Research paper by Noha N NN Salama, Kenneth R KR Scott, Natalie D ND Eddington

Indexed on: 13 Jul '04Published on: 13 Jul '04Published in: Biopharmaceutics & Drug Disposition



Abstract

For most antiviral drugs, low or variable bioavailability is attributed to poor absorption, susceptibility to efflux, or first pass metabolism. Enaminones are beta dicarbonyl compounds, which display P-glycoprotein (P-gp) substrate properties with high efflux ratios.
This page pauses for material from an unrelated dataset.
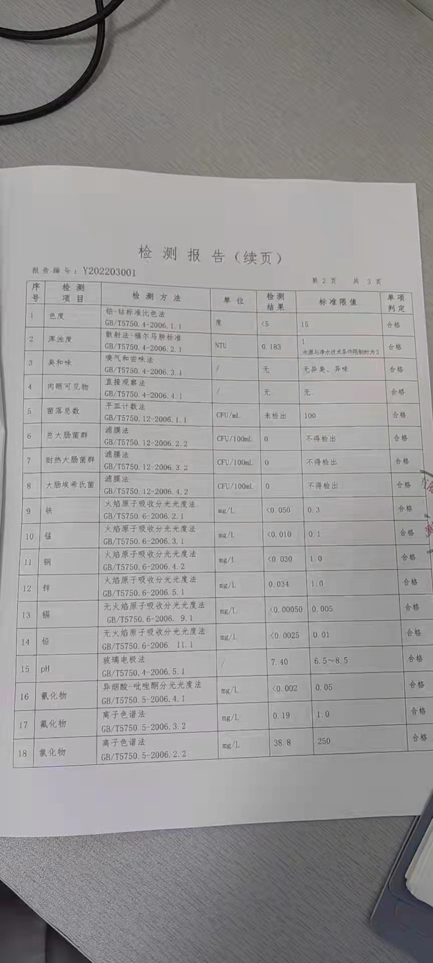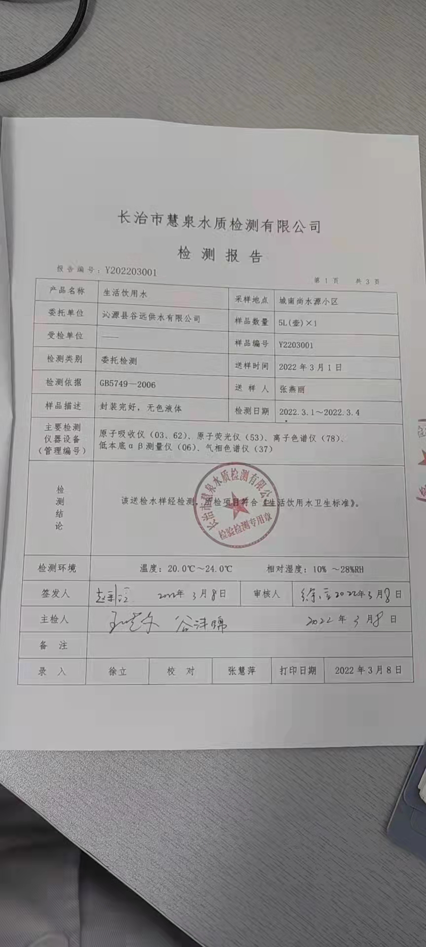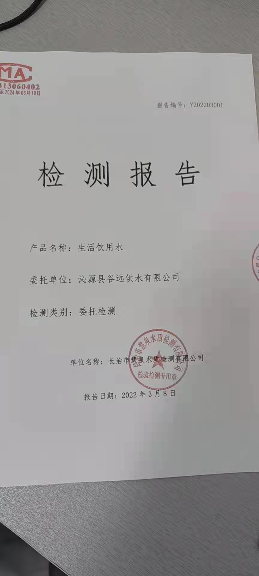 | 标题:沁源县谷远供水有限公司2022年第一季度水质检测报告 | |

This study investigates the influence of DM27, an enaminone, on the in vitro transport of antiviral agents and the possibility of using DM27 as a P-gp inhibitor to prevent the efflux of certain antiretroviral agents.The transport of [3H]amprenavir, [3H]saquinavir, [3H]ritonavir, [14C]zidovudine (AZT) and [3H]acyclovir was evaluated across Caco-2 cells with DM27 (10(-10)-10(-4) M). In addition, the effect of DM27 (10(-6) M) on the transport of transcellular and paracellular markers was tested to evaluate its influence on these transport pathways. The apparent permeability coefficient (Papp) for each drug or marker was calculated with/without DM27 and toxicity evaluation for DM27 was performed using the MTS assay.The mean Papp for the investigated antiviral agents significantly increased by 22%-51% after DM27 incubation without any toxicity to the Caco-2 cells. In addition, DM27 did not influence the transcellular or paracellular transport of propranolol and mannitol, respectively.DM27, an enaminone, increased the transport of antiretroviral drugs and acyclovir in a nontoxic manner without affecting the paracellular or transcellular transport of these drugs. This study suggests that DM27 may be used as a P-gp efflux inhibitor to enhance the oral bioavailability of antiviral drugs and that drug-drug interactions will most probably be encountered upon co-administration of P-gp substrate drugs with enaminones.